4 Reconciliation of movements in shareholders' funds
2005 2004
£000 £000
Group
Profit for the year attributable to shareholders 152,763 143,835
Dividends (37,137) (29,864)
_______ _______
115,626 113,971
Exchange loss - (14)
Outstanding liabilities in relation to share awards 982 2,974
Movement in investment in own shares held by Employee Share Ownership Plans (15) (815)
Arising on exercise of options 4,540 2,783
Payments to the QUEST - (956)
_______ _______
Net addition to shareholders' funds 121,133 117,943
Total shareholders' funds at 1 August 2004 675,051 557,108
_______ _______
Total shareholders' funds at 31 July 2005 796,184 675,051
===== =====
Equity shareholders' funds at 31 July 2005 776,184 655,051
Non-equity shareholders' funds at 31 July 2005 20,000 20,000
_______ _______
796,184 675,051
===== =====
5 Analysis of net borrowings
At 1 August Cash At 31 July
2004 flows 2005
£000 £000 £000
Cash at bank and in hand 111,942 (45,501) 66,441
Bank loans due within one year (15,000) 13,000 (2,000)
Bank loans due after more than one year (160,000) (76,000) (236,000)
_______ _______ _______
Totals (63,058) (108,501) (171,559)
===== ===== =====
6. International Financial Reporting Standards (IFRS)
The Group must comply with IFRS from 1 August 2005 and is currently
assessing the impact on relevant earlier periods in preparation for
reporting, under IFRS, on the 2006 interim results. The Group considers that
the main areas which will be affected by the adoption of IFRS are :
Share-based payments - IFRS 2 (Share-based Payment) requires that the fair
value of options are calculated and expensed to the profit and loss account.

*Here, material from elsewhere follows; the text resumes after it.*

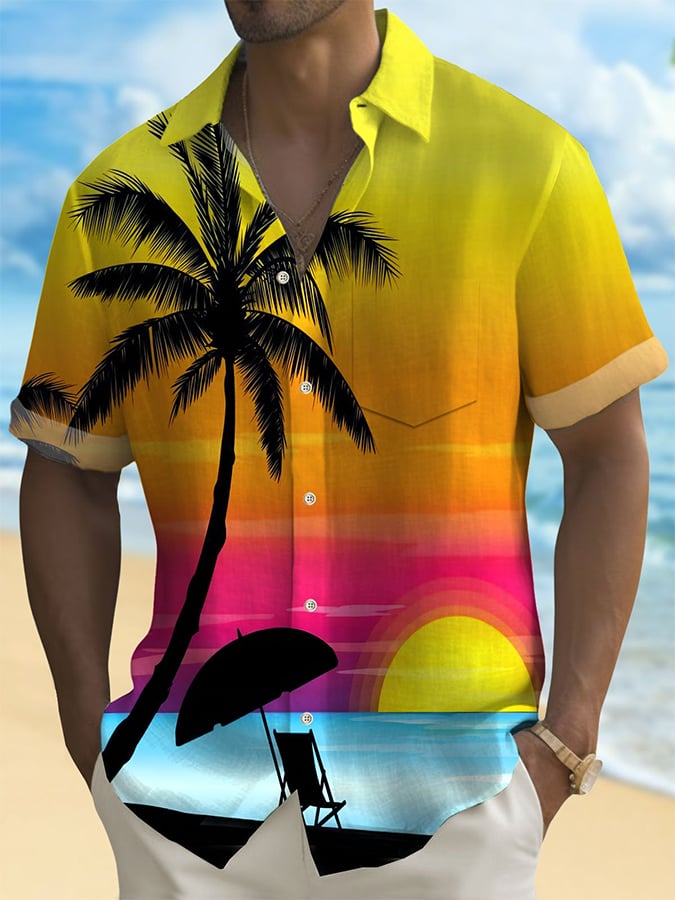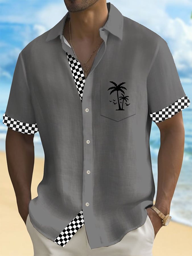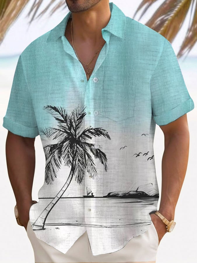 Men's Hawaiian Coconut Tree Short Sleeve Pocket Shirt

Pensions - IAS 19 (Employee Benefits) requires that the net deficit or
surplus for the Group's defined benefit pension scheme be established on the
basis of market values. This net deficit or surplus is to be included within
the Group's balance sheet.
Land creditors - IAS 2 (Inventories) requires that, for deferred payments in
relation to land, the creditor should be discounted to net present value.

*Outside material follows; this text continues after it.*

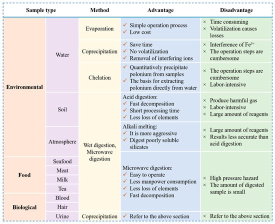 Currently, there are three methods of dissolution for biological samples: dry digestion, wet digestion, and microwave dissolution [84]. For sample dissolution, the wet digestion method has significant advantages over the traditional dry digestion method. First, the wet ashing method can effectively dissolve impurities in the sample and can operate at a lower temperature, thus increasing the efficiency of the process. In addition, the wet digestion method avoids the losses associated with the volatilization of polonium due to heating in the traditional dry ashing method, thus ensuring the accuracy of the sample. However, the efficiency of wet digestion is much lower than that of microwave digestion for samples that contain high amounts of oils [18].

The difference between this value and the total creditor is charged to the
profit and loss account, as notional interest, over the deferral period.
Dividends - IAS 10 (Events After the Balance Sheet Date) requires a dividend
should only be recorded as a liability if it is declared before the balance
sheet date. Bellway's interim and final dividends are declared after their
respective balance sheet dates and so no liability for dividends will be
shown.
An assessment of the impact of IFRS, as well as a restatement of the
position at January and July 2005, will be issued ahead of the interim
announcement in April 2006.
7. The financial information set out above does not constitute the company's
statutory accounts for the years ended 31 July 2004 or 2005 but is derived
from those accounts. Statutory accounts for 2004 have been delivered to the
registrar of companies and those for 2005 will be delivered following the
company's annual general meeting. The auditors have reported on those
accounts; their reports were unqualified and did not contain statements
under section 237(2) or (3) of the Companies Act 1985.